### EXERCISE INSTRUCTIONS:
Among the entries below, copy only the span from the line containing "The White Eye" through the line containing "Distribution of the". Do so exactly, and skip the pictures.

[THE DATA — start]

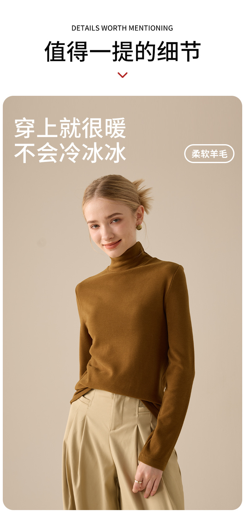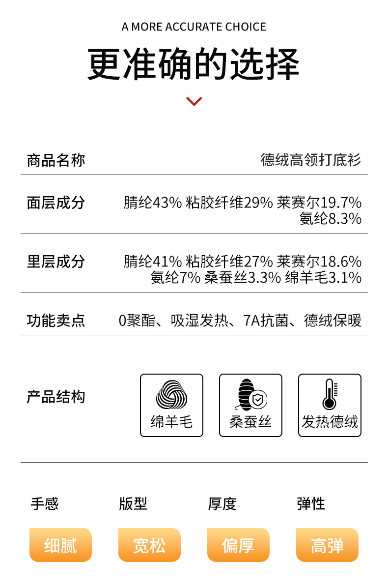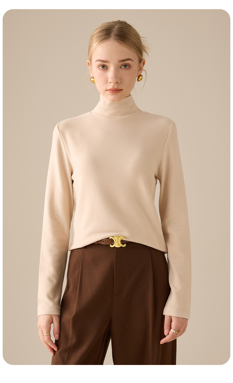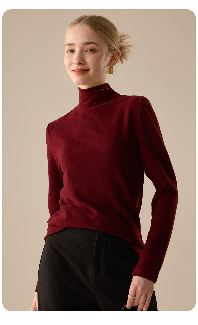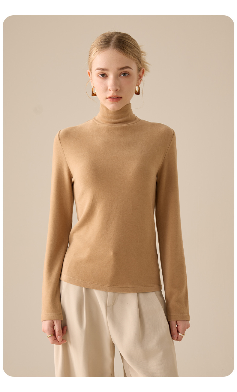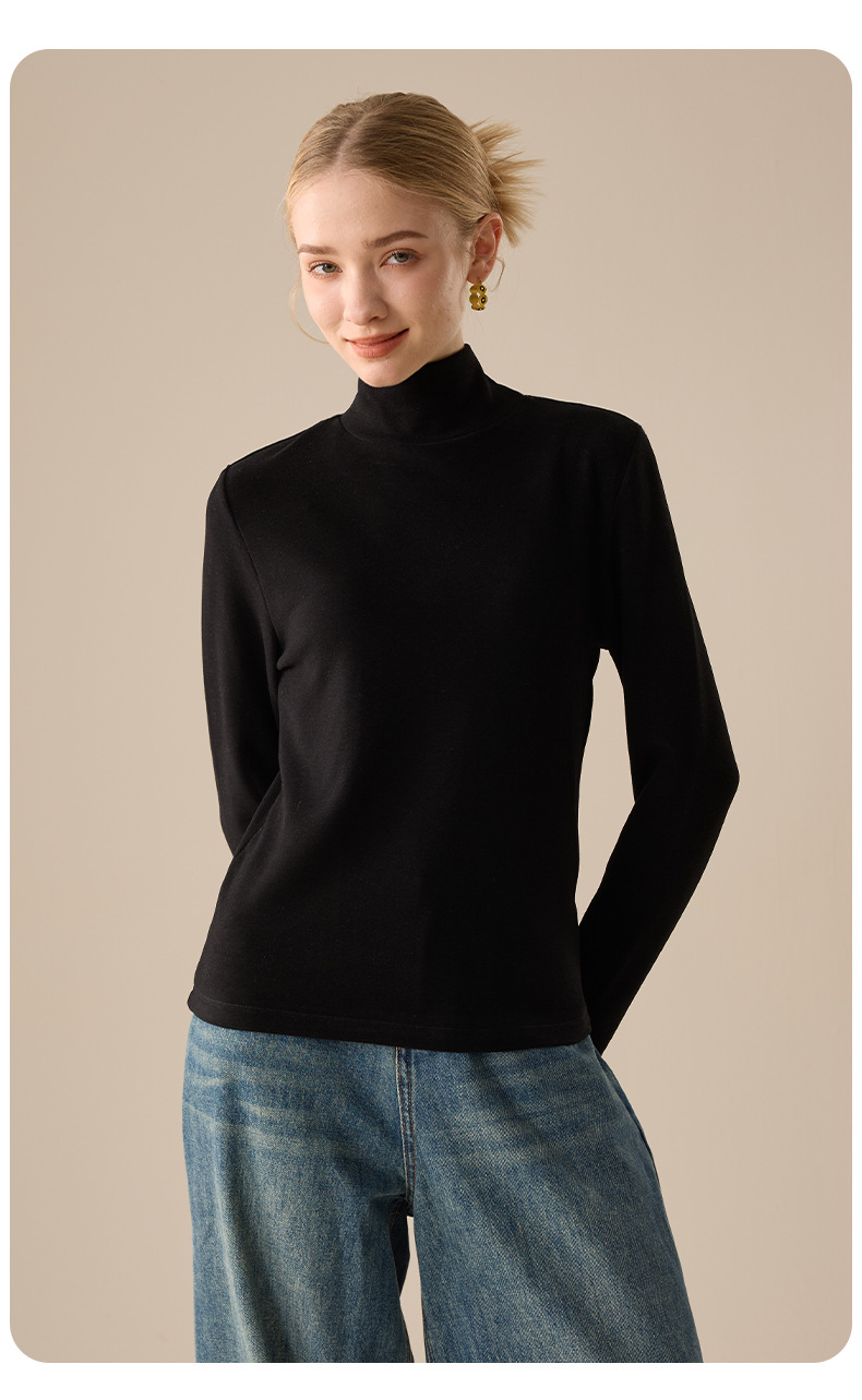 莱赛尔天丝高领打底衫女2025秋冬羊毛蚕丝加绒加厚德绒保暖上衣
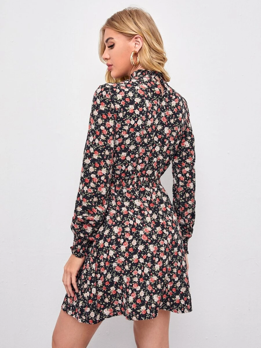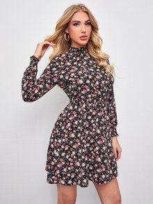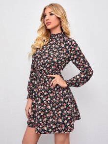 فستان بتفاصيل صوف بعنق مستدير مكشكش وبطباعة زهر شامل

[THE DATA — finish]
[THE DATA — start]

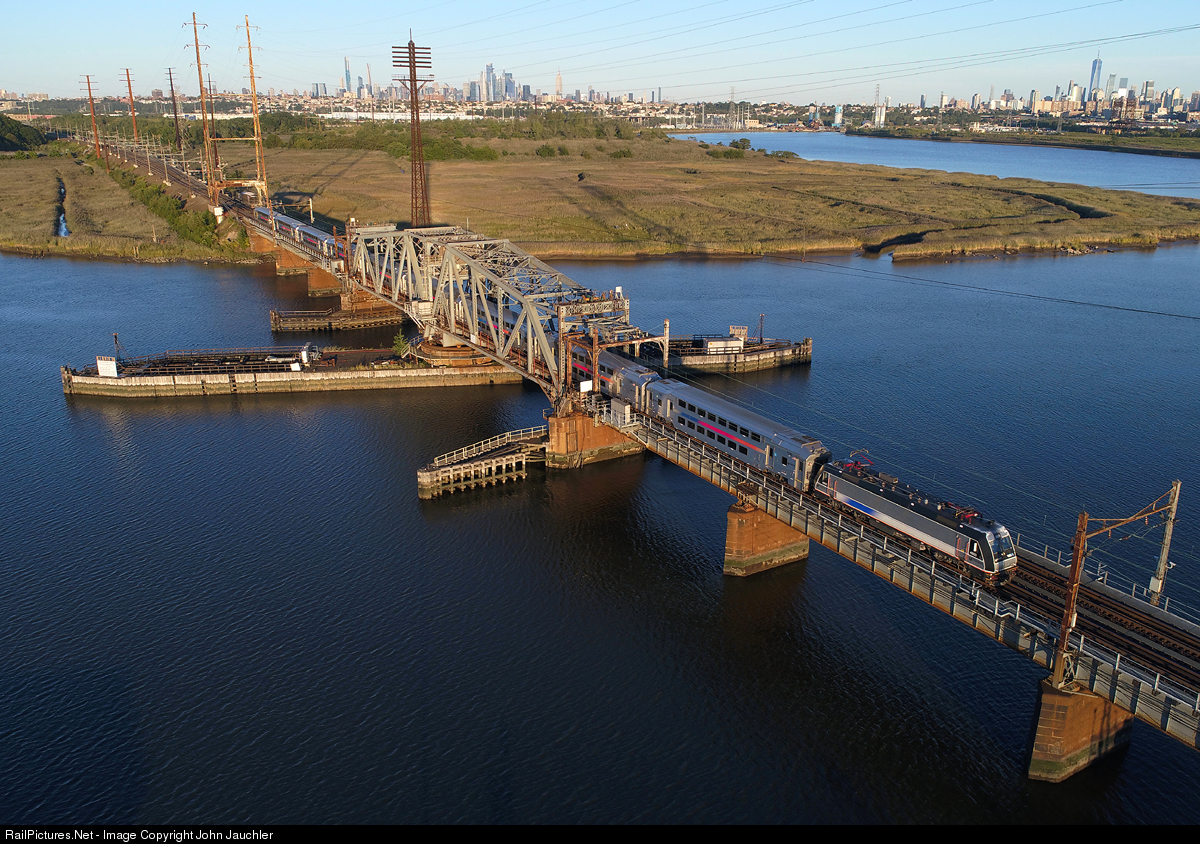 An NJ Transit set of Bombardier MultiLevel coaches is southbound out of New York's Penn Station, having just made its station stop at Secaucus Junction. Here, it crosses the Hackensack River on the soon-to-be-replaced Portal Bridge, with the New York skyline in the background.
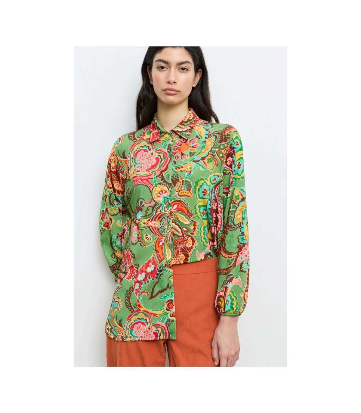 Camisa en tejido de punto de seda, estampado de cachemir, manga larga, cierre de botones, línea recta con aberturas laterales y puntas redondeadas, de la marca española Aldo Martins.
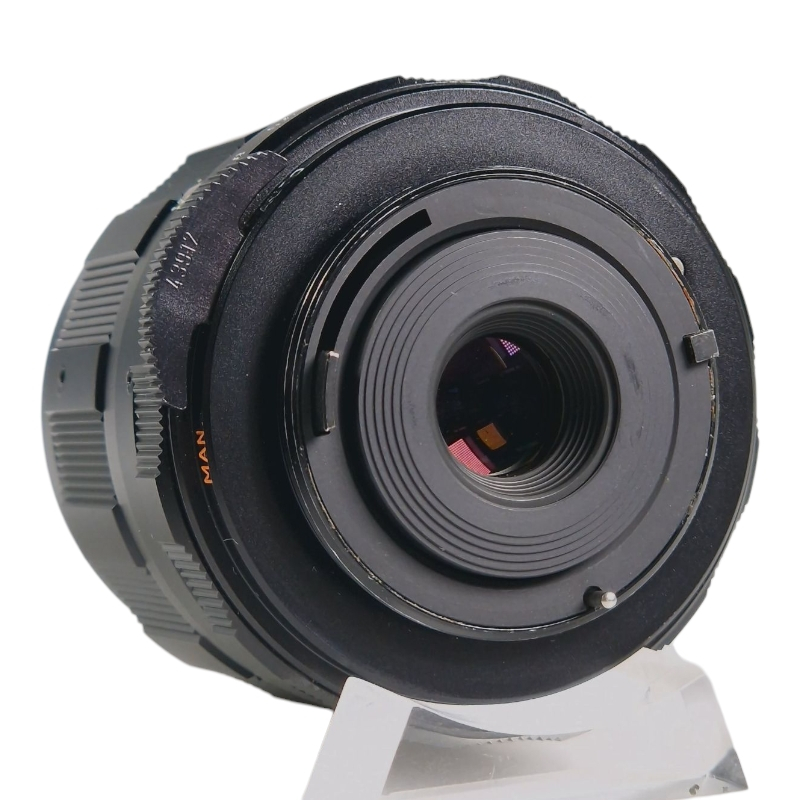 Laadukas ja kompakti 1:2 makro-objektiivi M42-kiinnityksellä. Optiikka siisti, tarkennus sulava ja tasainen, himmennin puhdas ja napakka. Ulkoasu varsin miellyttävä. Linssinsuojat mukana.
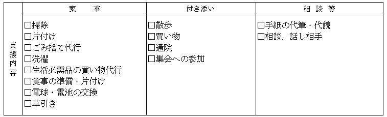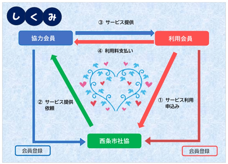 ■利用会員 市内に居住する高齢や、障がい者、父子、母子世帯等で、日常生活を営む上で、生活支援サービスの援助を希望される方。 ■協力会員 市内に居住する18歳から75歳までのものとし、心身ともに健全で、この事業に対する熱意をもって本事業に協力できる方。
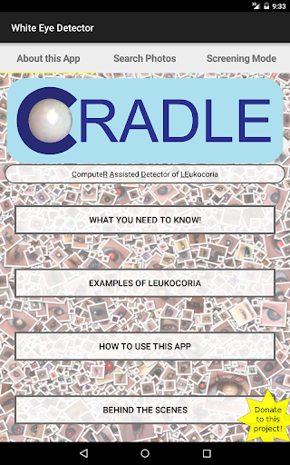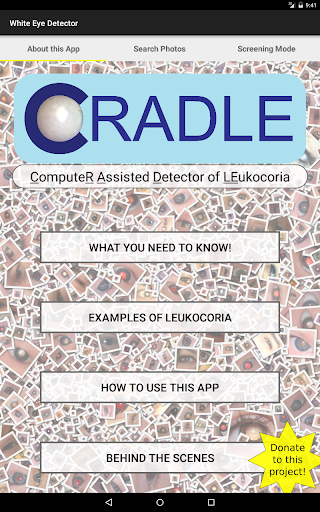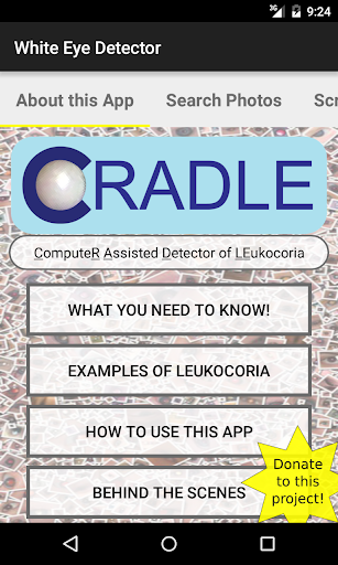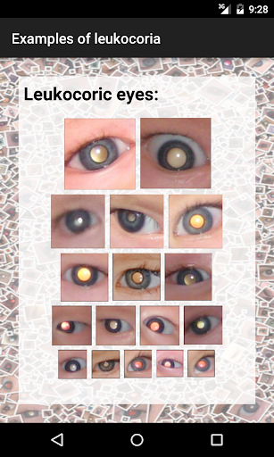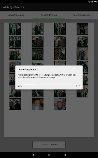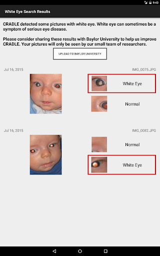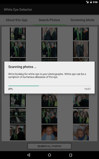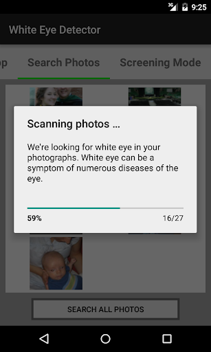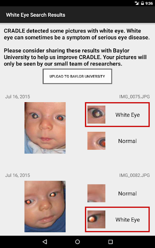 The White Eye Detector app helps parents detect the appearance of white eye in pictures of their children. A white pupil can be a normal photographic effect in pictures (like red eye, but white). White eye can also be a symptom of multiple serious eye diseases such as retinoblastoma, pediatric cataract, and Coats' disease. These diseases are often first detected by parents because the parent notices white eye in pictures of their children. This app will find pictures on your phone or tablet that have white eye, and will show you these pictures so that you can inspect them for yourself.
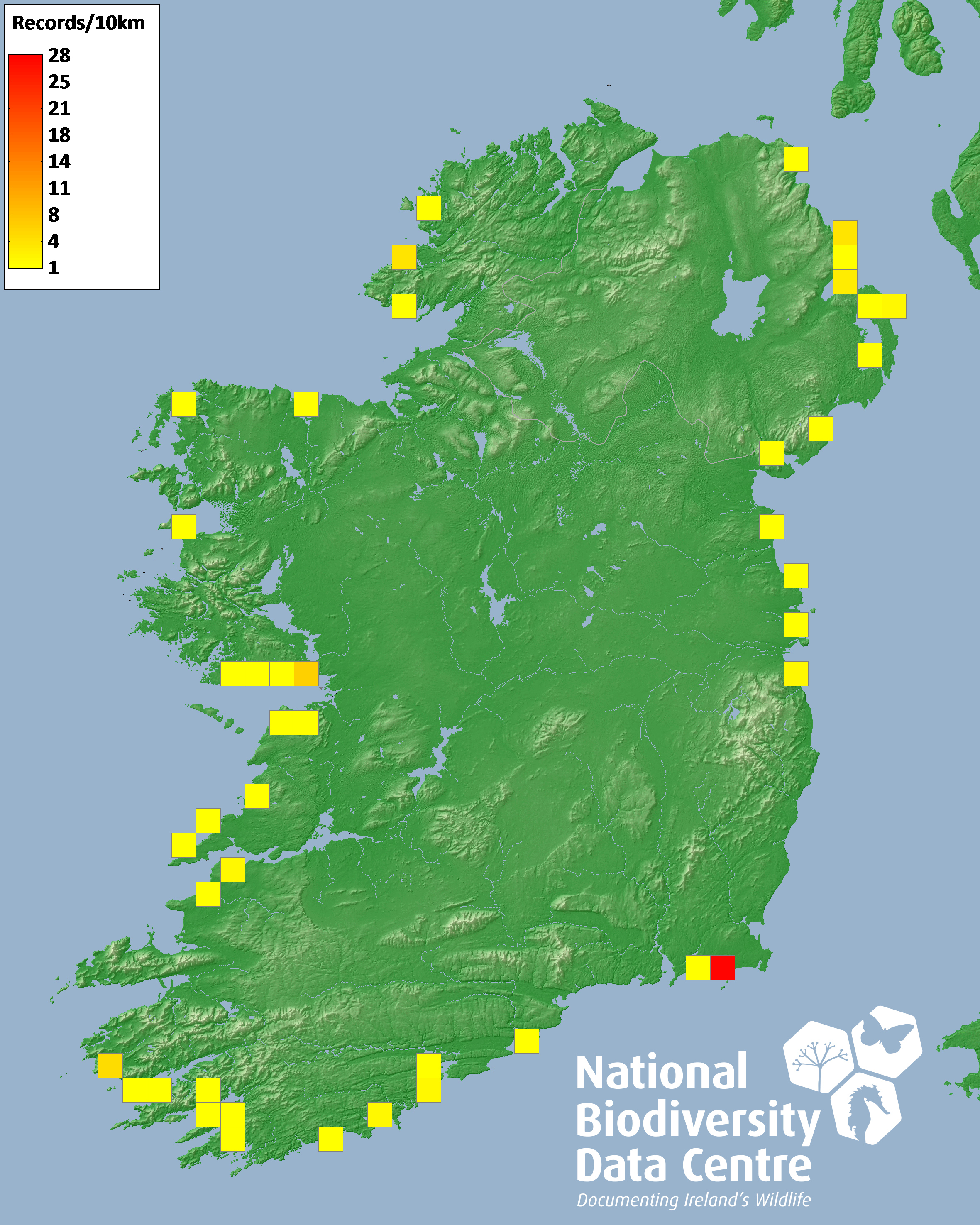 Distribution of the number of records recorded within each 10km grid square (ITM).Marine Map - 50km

[THE DATA — finish]
[THE DATA — start]

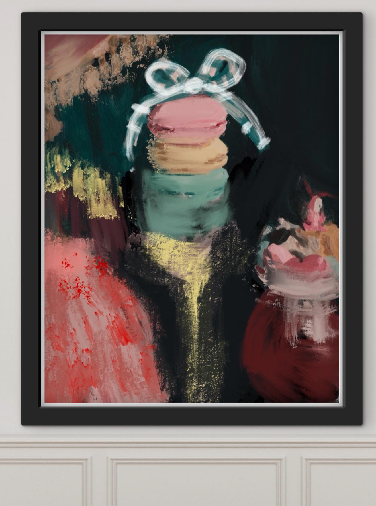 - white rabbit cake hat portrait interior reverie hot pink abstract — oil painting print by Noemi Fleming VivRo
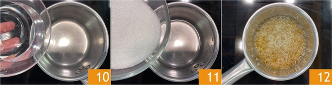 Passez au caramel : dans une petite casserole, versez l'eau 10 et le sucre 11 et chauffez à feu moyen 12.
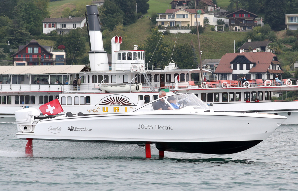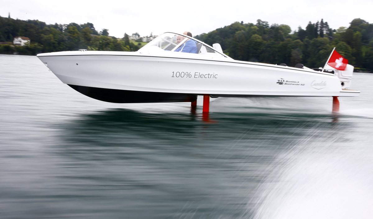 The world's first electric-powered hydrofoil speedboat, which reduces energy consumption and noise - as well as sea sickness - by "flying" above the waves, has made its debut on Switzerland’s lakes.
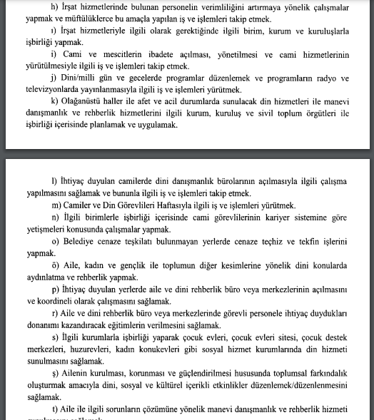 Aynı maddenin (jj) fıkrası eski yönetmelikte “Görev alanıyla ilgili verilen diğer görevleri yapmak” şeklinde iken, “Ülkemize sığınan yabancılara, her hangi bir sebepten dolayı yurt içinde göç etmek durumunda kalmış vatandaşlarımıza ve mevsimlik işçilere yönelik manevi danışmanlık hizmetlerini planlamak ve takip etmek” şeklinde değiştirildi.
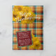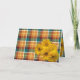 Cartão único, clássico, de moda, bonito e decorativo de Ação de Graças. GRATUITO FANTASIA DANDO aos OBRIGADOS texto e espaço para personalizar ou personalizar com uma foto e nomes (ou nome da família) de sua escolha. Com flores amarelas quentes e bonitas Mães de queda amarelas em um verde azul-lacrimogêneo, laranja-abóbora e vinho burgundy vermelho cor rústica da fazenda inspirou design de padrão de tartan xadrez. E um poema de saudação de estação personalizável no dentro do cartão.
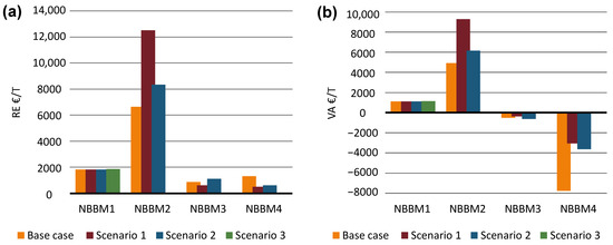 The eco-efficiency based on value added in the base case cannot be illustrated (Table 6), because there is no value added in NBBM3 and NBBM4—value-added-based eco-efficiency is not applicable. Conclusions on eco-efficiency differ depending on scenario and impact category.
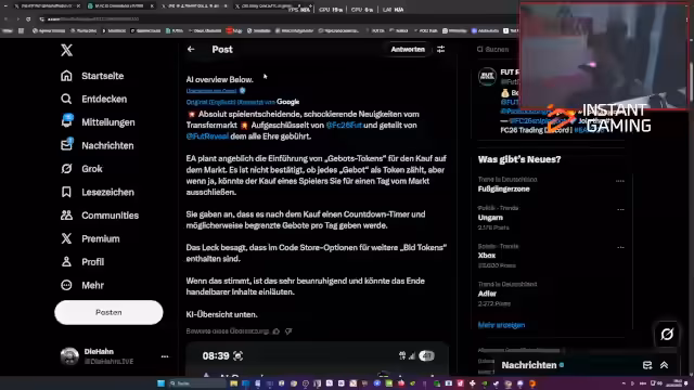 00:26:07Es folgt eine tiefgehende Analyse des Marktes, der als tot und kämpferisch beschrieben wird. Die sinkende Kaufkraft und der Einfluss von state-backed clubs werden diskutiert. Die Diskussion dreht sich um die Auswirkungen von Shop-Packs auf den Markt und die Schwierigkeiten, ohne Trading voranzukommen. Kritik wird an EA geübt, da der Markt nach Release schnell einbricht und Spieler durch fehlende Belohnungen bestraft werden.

[THE DATA — finish]

### RESULT BELOW:
 The White Eye Detector app helps parents detect the appearance of white eye in pictures of their children. A white pupil can be a normal photographic effect in pictures (like red eye, but white). White eye can also be a symptom of multiple serious eye diseases such as retinoblastoma, pediatric cataract, and Coats' disease. These diseases are often first detected by parents because the parent notices white eye in pictures of their children. This app will find pictures on your phone or tablet that have white eye, and will show you these pictures so that you can inspect them for yourself.
 Distribution of the number of records recorded within each 10km grid square (ITM).Marine Map - 50km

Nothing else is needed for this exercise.